Sempre fui dessa teoria, não se poupar, botar a mão na massa, e acaba dando um resultado tão maravilhoso... Aquilo que você planta, você acaba colhendo. Sabe que um dos filmes que fiz com mais repercussão foi o Acorda, Raimundo, acorda, que passou nas comunidades de base? Idéia do Betinho! Militância pura. Coisa do Ibase. Sou reconhecido pela novela Tieta e, quase pau a pau, por Acorda Raimundo, que só passou em igreja ou movimentos de base. Sempre gostei de estar com os índios e seringueiros no Encontro dos Povos da Floresta, com os Sem-Terra da Fazenda Anone. Eu gosto de estar nesse lugares. Sinto que sou parecido, que sou querido ali como em minha família.

MHuD: Você fez O canto da terra, não é?

PB: Fiz O canto da terra, do Paulo Rufino.  Fiz o papel de um historiador que conta sobre a distribuição de terras no Brasil, desde as capitanias hereditárias até chegar às grandes propriedades, comparando com os Estados Unidos. É um filme bem esclarecedor.

MHuD: E o que esta fazendo agora?

PB -Estou trabalhando como ator na peça "Sonhos de uma noite de São João", baseada em Shakespeare. Apresentamos a peça em praças. Somos 30 atores. Fora isso, começo a ensaiar "A Tartaruga de Darwin", de um autor espanhol, Juan Mayorga. Vou dirigir e atuar nessa peça, onde vamos comemorar os 40 anos de teatro da Cristina Pereira. Fora isso, vou aparecer na televisão com a minissérie "Som e Fúria", do Fernando Meirelles, e me preparo para dirigir o filme "Canção Brasileira", baseado numa opereta  de 1933 que fiz no teatro. Conta a história das origens da música popular brasileira. Vamos lançar o CD em breve, está pronto e está lindo. É uma homenagem ao Luiz Antônio Martinez Correa, grande diretor que morreu muito jovem.
Fico vibrando porque sei que esses trabalhos vão ser acompanhados pela criançada lá do Quilombinho, na casa onde fui criado em Sorocaba. Vai ser um estímulo para eles também.
Hoje eles fazem peças de teatro, Brecht, João Cabral de Mello Netto, no quintal onde eu ajudava minha avó a matar porco. Na inauguração, eu tentava entender o por que de fazer aquilo, de fazer as coisas. E o  padre Martini disse: “Aqueles que, por obras valerosas, se vão da lei da morte libertando”. É Camões, Os Lusíadas.

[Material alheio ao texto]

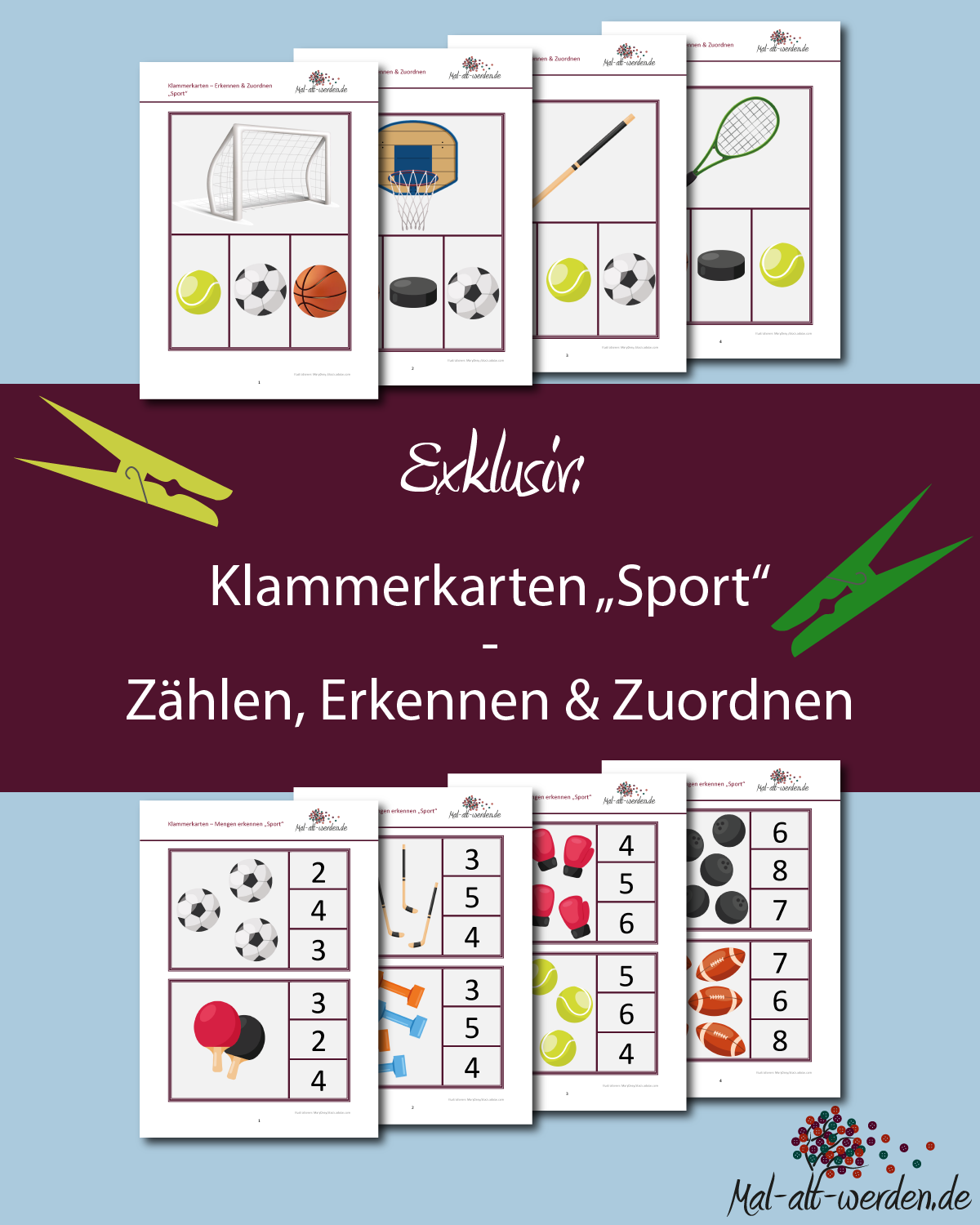 Exklusiv: Klammerkarten “Sport” – Zählen, Erkennen & Zuordnen

MHuD: E o que você acha de um grupo de artistas à frente dos Humanos Direitos? Acha que atrapalha a atuação artística deles?

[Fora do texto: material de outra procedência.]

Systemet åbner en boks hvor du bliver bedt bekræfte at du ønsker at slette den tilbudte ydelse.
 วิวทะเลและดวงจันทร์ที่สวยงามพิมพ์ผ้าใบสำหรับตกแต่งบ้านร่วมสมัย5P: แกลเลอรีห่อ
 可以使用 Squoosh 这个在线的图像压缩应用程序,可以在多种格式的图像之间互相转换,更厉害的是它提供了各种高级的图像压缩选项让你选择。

PB: Olha o nome: Humanos Direitos. Como isso pode atrapalhar? O artista lida com isso, com o humano.  Não acho que as pessoas têm obrigação de fazer, mas algumas têm necessidade de fazer. Foi uma experiência incrível quando fui para Rio Maria, no Pará, inesquecível! O teatro nasce da necessidade do homem  contar para o outro, de tocá-lo. E era o que vocês faziam ali, quando colocavam a roupa com o sangue dos mortos nas portas. Na hora que eu passo por uma porta e esbarro no sangue de alguém que morreu, meu compromisso com aquela história muda.  Quando alguém escraviza um lavrador, esse lavrador poderia ser meu avô. Como posso ser contra o Movimento Sem-Terra? Minha mãe assinava em cruz!  Se tem um movimento que representa essa gente, eu tenho que ser a favor.